A rare case of Vogt–Koyanagi–Harada syndrome presented as acute angle-closure glaucoma, emphasizing the need for accurate diagnosis and anti-inflammatory treatment.

## Contribution

The case emphasizes the diagnostic value of ciliary body imaging and the mechanistic link between inflammation and secondary angle closure.

## Key findings

- VKH syndrome can present with acute angle-closure glaucoma as an initial manifestation.
- Ciliary body detachment and serous retinal detachments were identified through imaging.
- Early anti-inflammatory treatment improved visual acuity and resolved subretinal fluid.

## Abstract

This case highlights an uncommon presentation of Vogt–Koyanagi–Harada (VKH) syndrome, in which acute angle-closure glaucoma (AACG) served as the initial ocular manifestation. This atypical onset may lead to misdiagnosis as primary angle-closure glaucoma. This report adds to the existing literature by emphasizing the diagnostic value of ciliary body imaging and the mechanistic link between inflammatory ciliary body detachment and secondary angle closure.

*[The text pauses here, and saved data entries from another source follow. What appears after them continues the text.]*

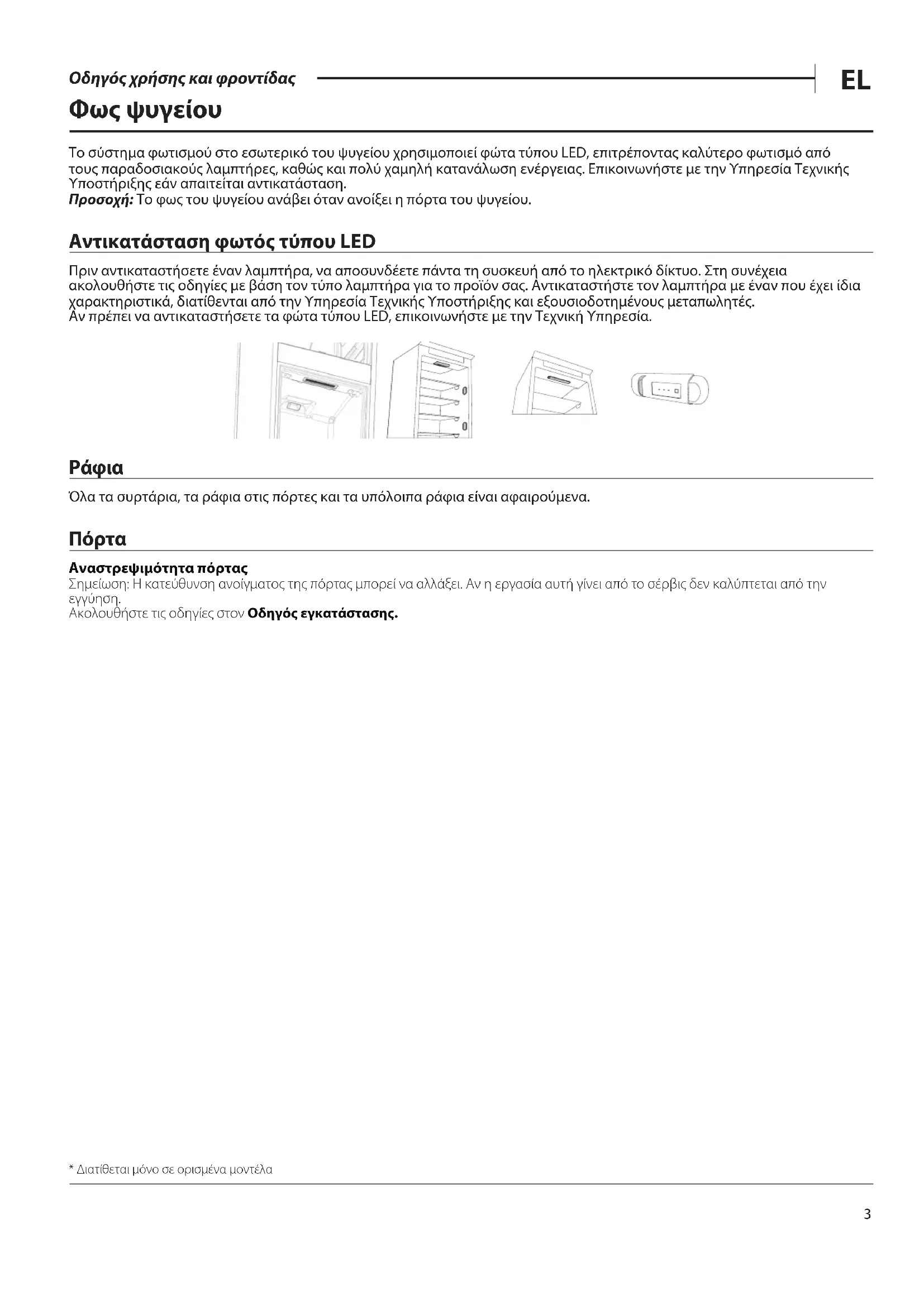 Οδηγός χρήσης και φροντίδας Φως ψυγείου Το σύστημα φωτισμού στο εσωτερικό του ψυγείου χρησιμοποιεί φώτα τύπου LED, επιτρέποντας καλύτερο φωτισμό από τους παραδοσιακούς λαμπτήρες, καθώς και πολύ χαμηλή κατανάλωση ενέργειας. Επικοινωνήστε με την Υπηρεσία Τεχνικής Υποστήριξης εάν απαιτείται αντικατάσταση. Προσοχή: Το φως του ψυγείου ανάβει όταν ανοίξει η πόρτα του ψυγείου. Αντικατάσταση φωτός τύπου LED Πριν αντικαταστήσετε έναν λαμπτήρα, να αποσυνδέετε πάντα τη συσκευή από το ηλεκτρικό δίκτυο. Στη συνέχεια ακολουθήστε τις οδηγίες με βάση τον τύπο λαμπτήρα για το προϊόν σας. Αντικαταστήστε τον λαμπτήρα με έναν που έχει ίδια χαρακτηριστικά, διατίθενται από την Υπηρεσία Τεχνικής Υποστήριξης και εξουσιοδοτημένους μεταπωλητές. Αν πρέπει να αντικαταστήσετε τα φώτα τύπου LED, επικοινωνήστε με την Τεχνική Υπηρεσία.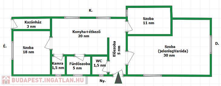 Az ingatlannak az alap területe 95 nm, 3 szoba, konyha, fürdőszoba, kamra, WC, kazánház.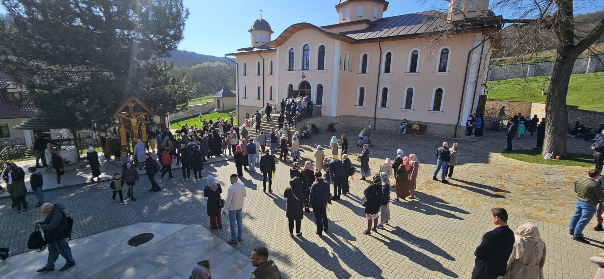 În Duminica a șasea din Postul Mare, numeroși credincioși au participat alături de obștea monahală la Slujba Praznicală, oficiată de preoții slujitori ai așezământului monahal. În această zi prăznuim cu bucurie și emoție duhovnicească Intrarea Domnului în Ierusalim. Privim la intrarea smerită a Mântuitorului în Cetatea sfântă și ne cutremurăm, știind cele ce vor urma, dar ne și bucurăm, slăvind pe Dumnezeu, că prin jertfa Sa ne-a eliberat din robia păcatului și ne-a readus pe calea sfințeniei.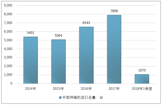 2016年我国平型纬编机进口总量6543台,2017年进口总量7898台;2019年1季度进口总量1070台。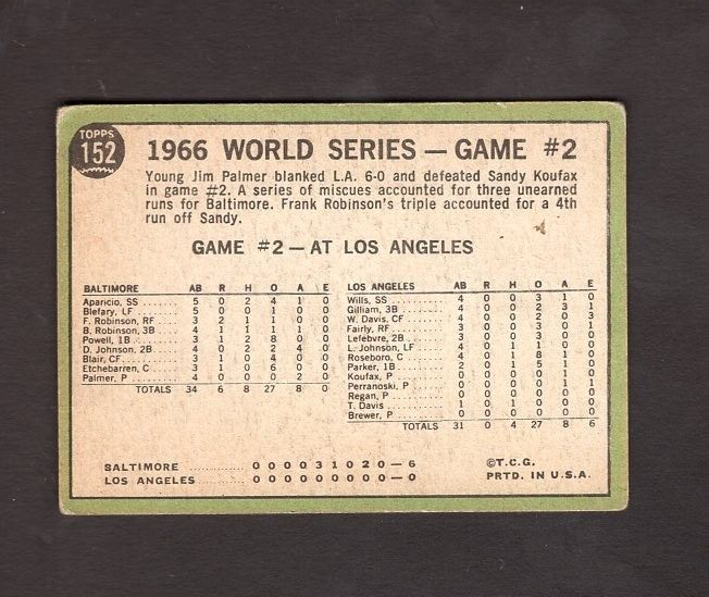 1967 Topps # 152 Game 2 1966 World Series Jim Palmer shutout in good condition with corner and border wear. SHIPPING IS FREE. Check out the other STAR cards in my e-bay store as well as the many Topps and Bowman single cards in my e-bay store. If you think you might buy multiple items from any seller that offers combined shipping, use the "Add To Cart" option under the "Buy It Now" button instead of the buy-it-now, and this will combine your purchases into one shipping charge as you add more items to your cart and purchase. Only make your payment after you have added all the items you want into your cart - you should then see that there is one charge for shipping when you go to make your payment. (hunt, 06-15, #651 /2)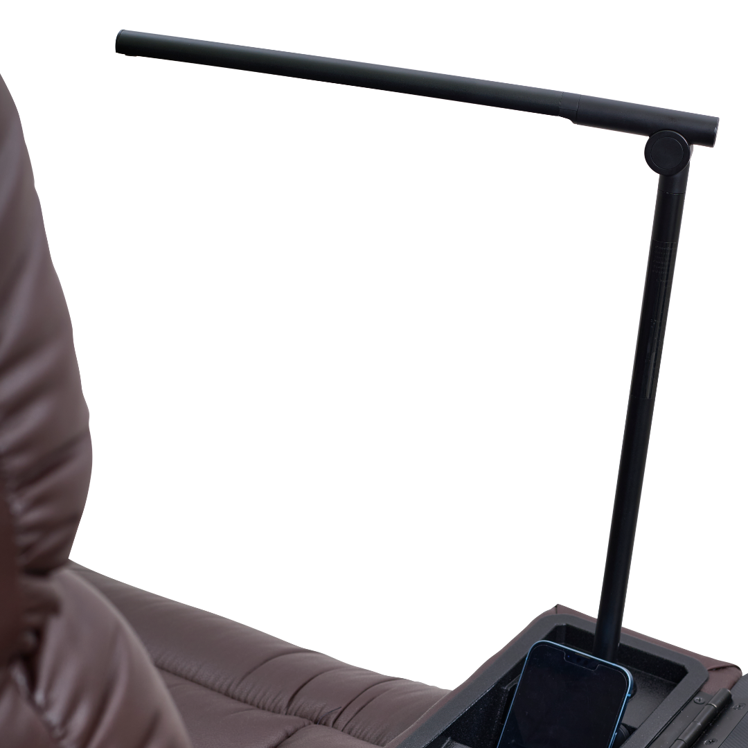 - Open Split Arm Design with Storage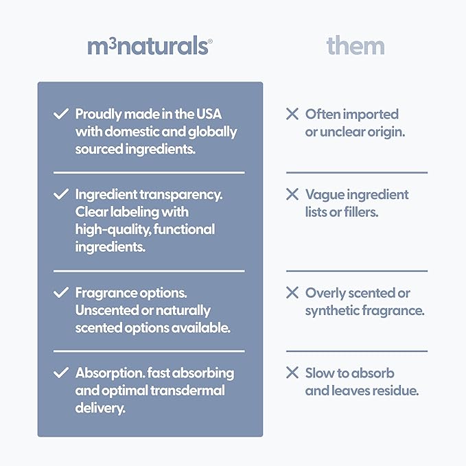 - Ethically Crafted Ingredients - M3 Lavender Magnesium Lotion is thoughtfully crafted using ethically sourced ingredients. Our formula is vegan, cruelty-free, paraben-free to ensure a clean and conscious self-care experience. M3 Naturals is a brand that contains products that contain natural ingredients and other ingredients.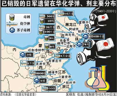 資料:已銷毀的日軍遺留在華化學彈、劑分布圖
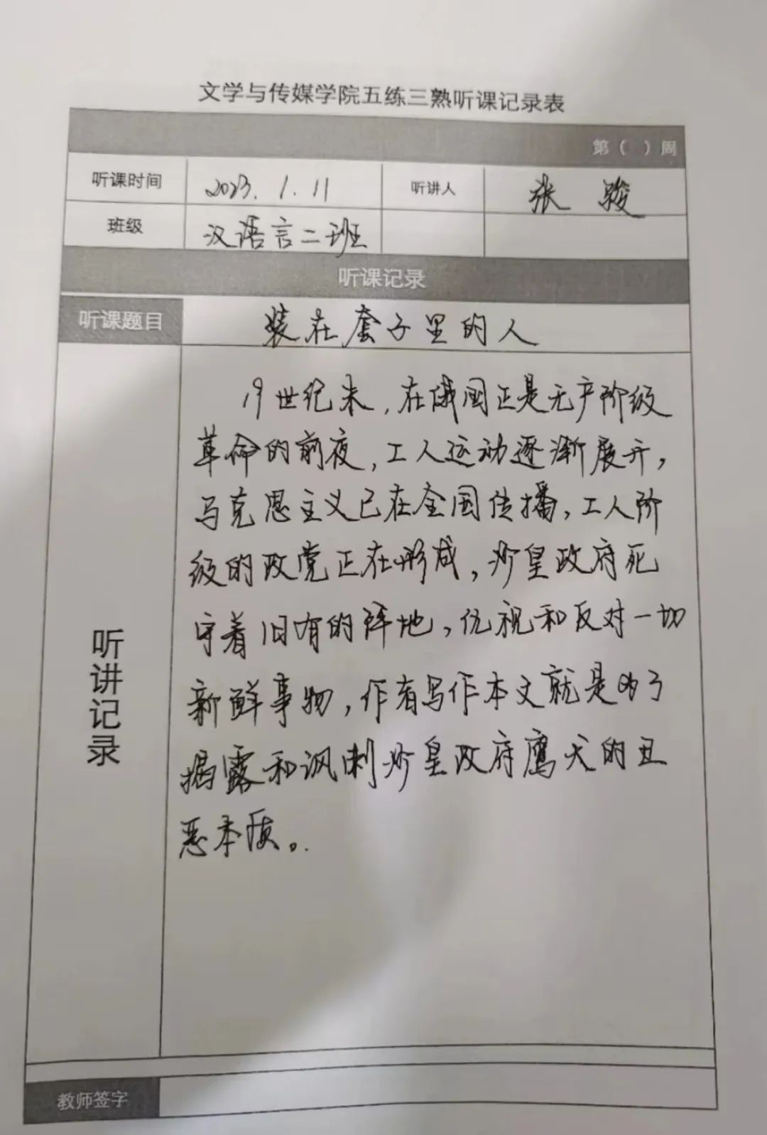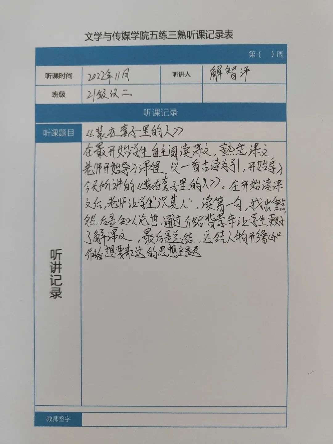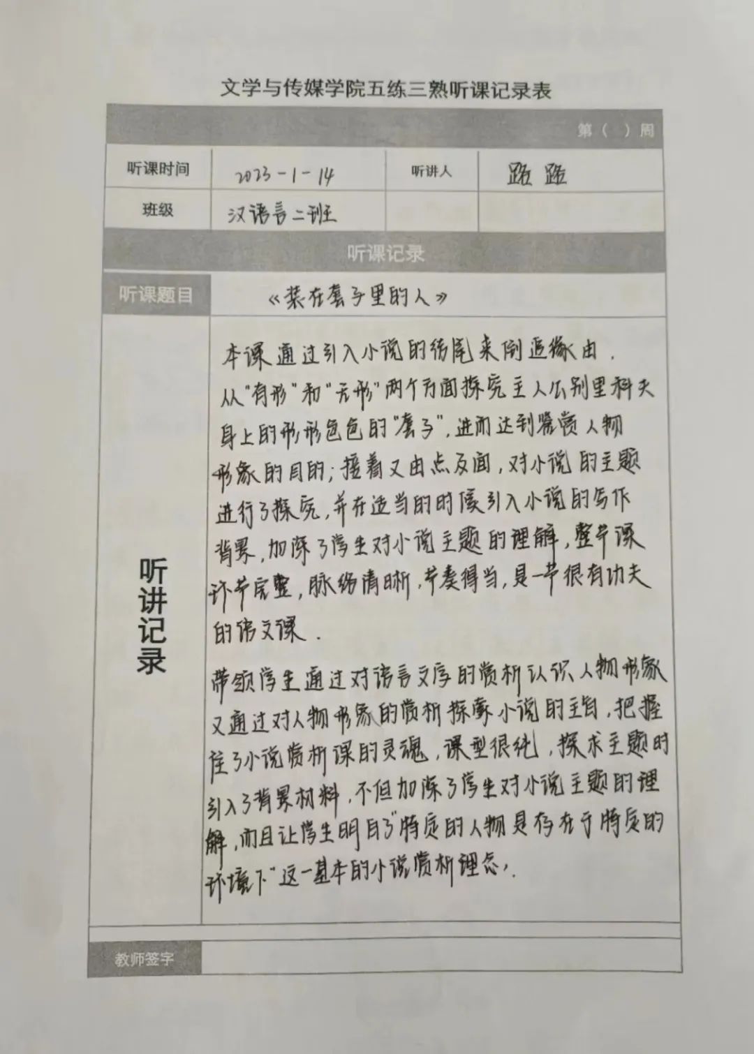 听课记录是听课的第一手资料,是课后进行教学反思交流的材料和依据,更是促进教师专业成长和提高教学水平的极其宝贵财富,为使汉语言专业学生更好的学习专业技能,万象城娱乐awc线路特开展听课笔记优秀作品展示活动,让我们一起来看看同学们的听课记录表吧!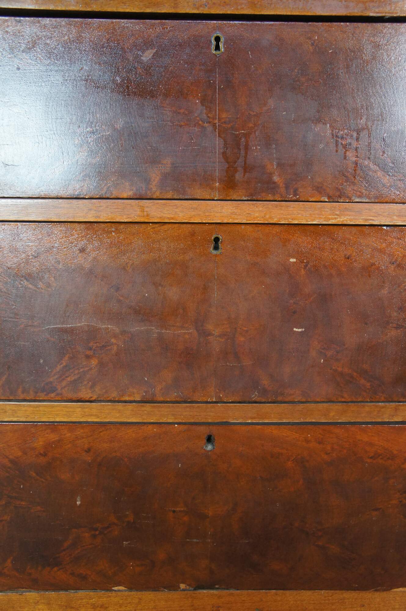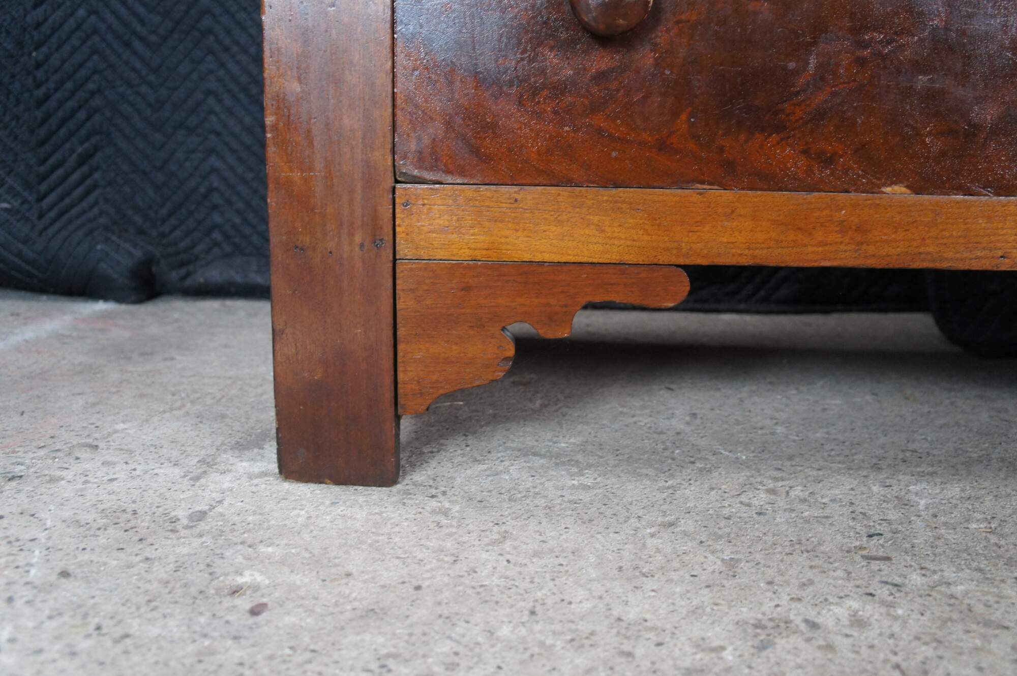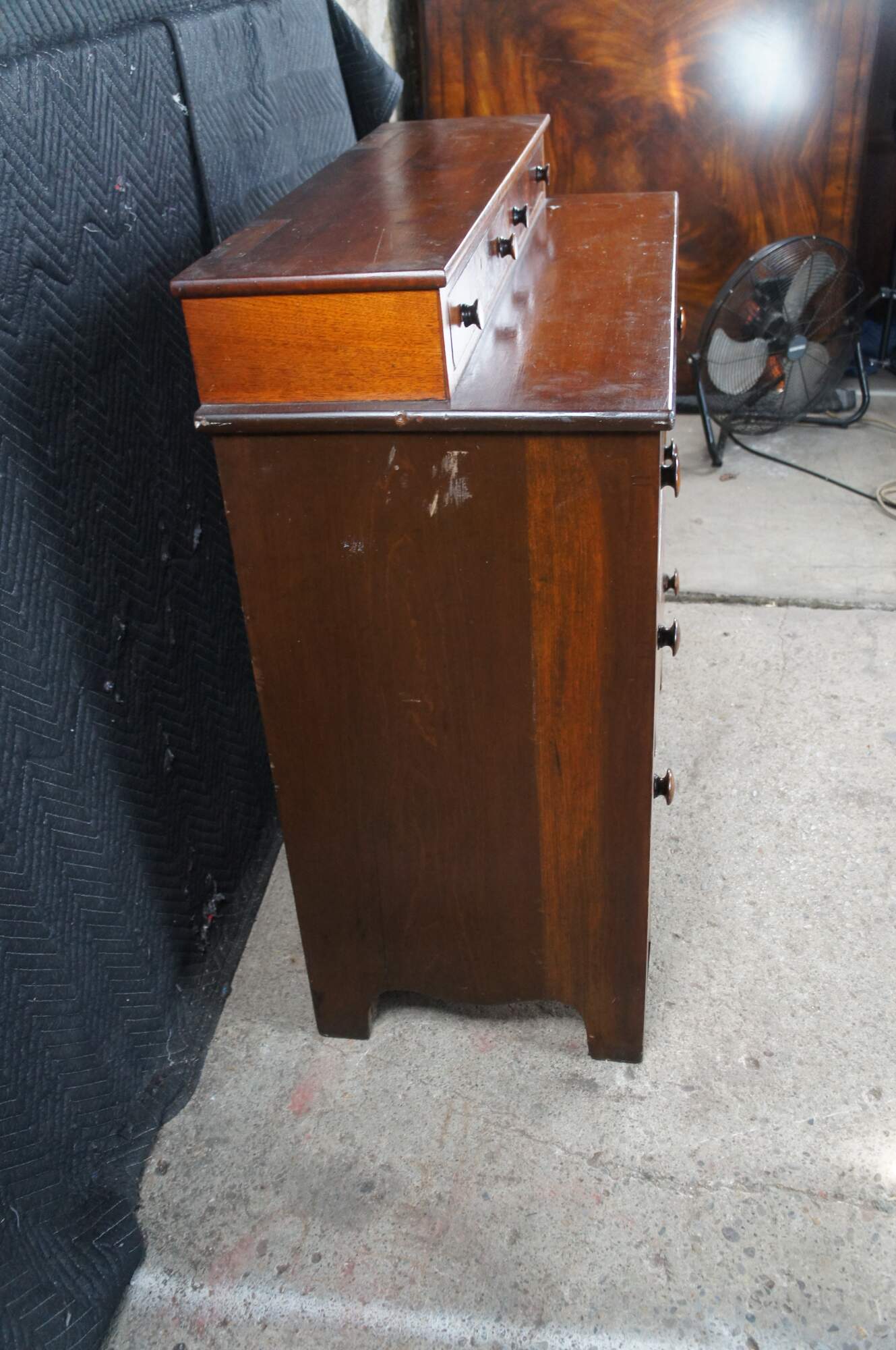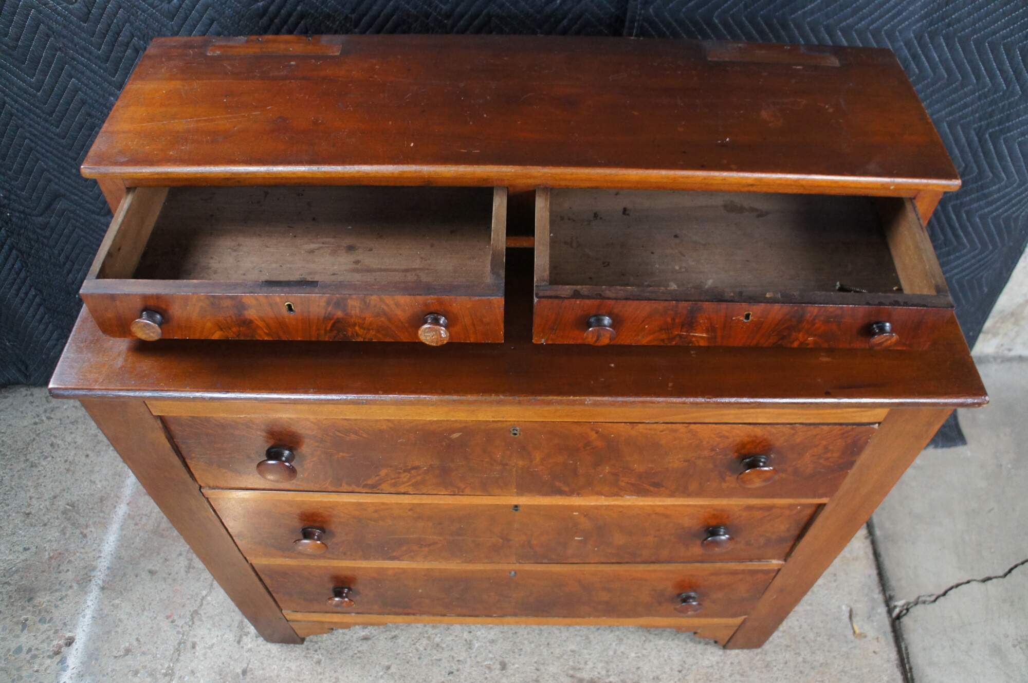Antique Victorian Era Stepback Dresser & Mirror, c. 1870s. Made from walnut with crotch walnut veneered drawer fronts. Features a wishbone swivel mirror over two gloveboxes and a case with three hand dovetailed drawers.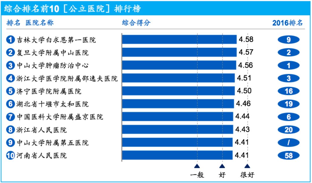 进入综合排名十强的公立医院皆为三级甲等医院,并且其中大部分医院多次进入榜单。吉林大学白求恩第一医院从去年的第 9 名一跃摘得今年公立医院总榜桂冠。另外,河南省人民医院进步显著,从去年的 58 名,成功跻身「2017 年度公立医院最佳雇主」十强。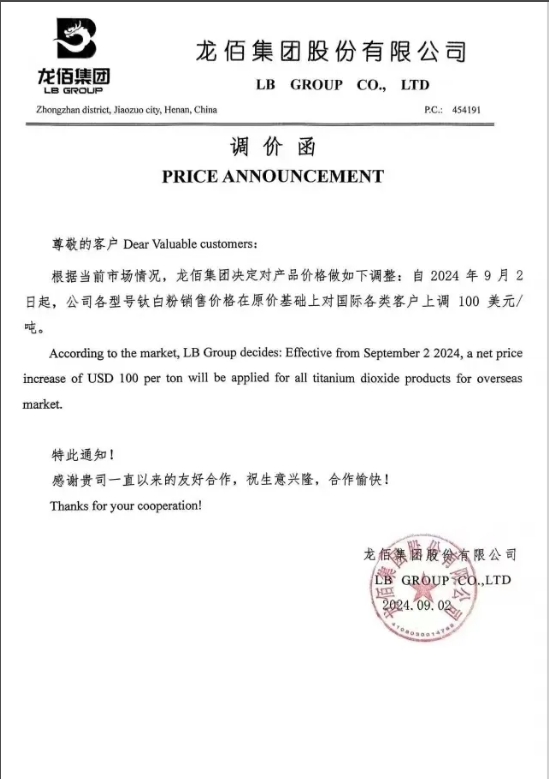 鈦白粉市場再起波動。9月2日,龍佰集團(tuán)宣布,自2024年9月2日起,公司各型號鈦白粉銷售價格在原價基礎(chǔ)上對國際各類客戶上調(diào)100美元/噸。彰顯出當(dāng)前鈦白粉國際市場的復(fù)雜態(tài)勢。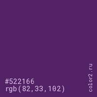 Цвет #522166 в цветовой модели RGB обозначается тремя октетами (82, 33, 102) в десятичном формате и #522166 в шестнадцатиричном (hex) формате, которые являются интенсивностью красного 82 (hex 52), интенсивность зелёного 33 (hex 21) и интенсивность синего 102 (hex 66).

A 27-year-old woman presented with acute ocular pain, vision loss, and markedly elevated intraocular pressure (IOP). Important clinical findings included conjunctival congestion, corneal edema, medium-depth anterior chambers, and the absence of keratic precipitates or aqueous flare. Ultrasound biomicroscopy revealed a ciliary body detachment, whereas optical coherence tomography revealed multiple serous retinal detachments. The patient was initially misdiagnosed with glaucoma before a revised diagnosis of VKH syndrome-associated secondary AACG was made.

The patient was treated with intravenous methylprednisolone pulse therapy combined with topical corticosteroids, mydriatic agents, and IOP-lowering agents. Visual acuity and IOP gradually improved, and subretinal fluid completely resolved during follow-up.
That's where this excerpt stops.